Come al tempo del miracolo economico erano tali la Seicento Fiat, la Vespa Piaggio, il Moplen Montedison e la Divisumma Olivetti. Proprio al nome della celebre casa di Ivrea, forse la più innovativa industria della nostra storia, è legata la vicenda di un prodotto che avrebbe potuto esserci e non c’è stato. Qualcosa che comunque presentava tutte le caratteristiche per andare alla conquista del mondo: la fantomatica “Perottina”; il ricordo rimosso di una incommensurabile prova di imbecillità da parte dei presunti “grandi” dell’economia nazionale (battistrada emeriti di tante successive prove di inettitudine).
Cose’era la Perottina? Tecnicamente si trattava del “Progetto Olivetti Programma 101”, cui era stato dato quel nomignolo affettuoso in quanto il capo del gruppo di ricerca preposto a tale iniziativa era l’ingegner PierGiorgio Perotto (Torino 1930 – Genova 2002). Dalla cui viva voce raccolsi la testimonianza che segue: era nientemeno che il primo prototipo mai realizzato di personal computer; presentato alla fiera di New York del 1965 e venduto nello stesso anno in 44mila esemplari. Visto l’impatto oltremodo positivo di tale prodotto, Roberto Olivetti, che aveva assunto la guida dell’azienda dopo il decesso del padre Adriano avvenuto cinque anni prima, si rese conto che la famiglia non aveva risorse sufficienti per accompagnare da sola un business di tale portata.
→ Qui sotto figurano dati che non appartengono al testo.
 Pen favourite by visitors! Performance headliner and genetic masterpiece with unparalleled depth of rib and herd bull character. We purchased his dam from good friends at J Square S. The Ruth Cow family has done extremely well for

Per questa ragione invitò a consulto i tre massimi santoni della finanza laica dell’epoca: Vittorio Valletta, presidente di Fiat, Enrico Cuccia, supremo gnomo di Mediobanca, e Bruno Visentini, a quel tempo raccordo tra le imprese e la politica.
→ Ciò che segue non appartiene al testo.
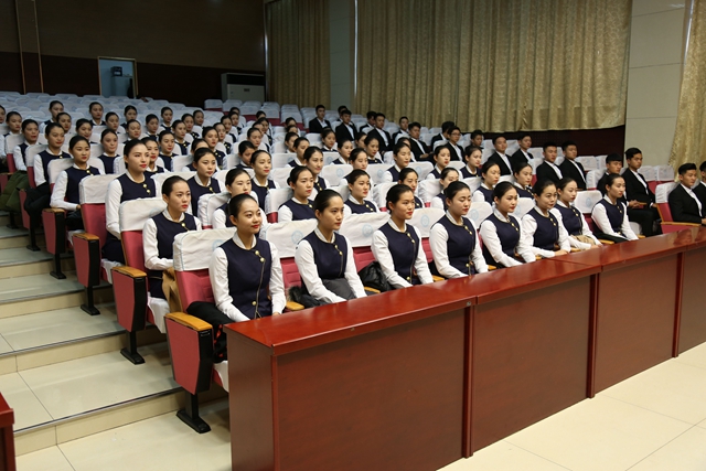 近日,旅游学院在图书馆一楼报告厅举行2017级空中乘务专业学生授服仪式。学校学生处、招生就业处、旅游学院相关负责人和东方领航教育集团负责人,以及2017级空中乘务专业全体学生参加该仪式。

Il Gotha dei padroni del vapore esaminò l’oggetto in questione e poi si chiuse in una sorta di conclave, confabulò a lungo e alla fine emise la sua sentenza: quello strano mix di macchina da scrivere e calcolatore da tavolo non avrebbe potuto diventare un prodotto di successo, né ora né mai; per cui era auspicabile che la Olivetti si concentrasse sul suo core business (l’arredo metallico d’ufficio) lasciando perdere le stranezze. Valletta rincarò la dose dichiarando che “la società è strutturalmente solida, ma sul suo futuro pende la minaccia di essersi inserita nel settore elettronico”.
Ora sappiamo come sono andate effettivamente le cose. Ma intanto, frustrata nelle sue aspirazioni innovative da giudizi così perentori, l’azienda eporediese cedette alla General Eletric l’intera divisione grandi elaboratori, prototipi compresi. L’unico vantaggio che le derivò dalla vicenda “Perottina” fu il milione di dollari versatole dalla Hewlett Packard come royalties per poter realizzare il proprio computer HP 9100. E al buon Perotto fu riconosciuto parte del premio: un dollaro!
Me lo raccontava con un sorriso amarissimo. Perché quella non fu soltanto una grande occasione mancata. Fu il calcio d’inizio al generale arretramento del sistema produttivo nazionale dai settori avanzati e ad alta intensità di capitale. Se ora nobili imprese si sono ridotte a marchi virtuali lo si deve al disinvestimento d’allora. Anticamera della deindustrializzazione di un grande Paese manifatturiero.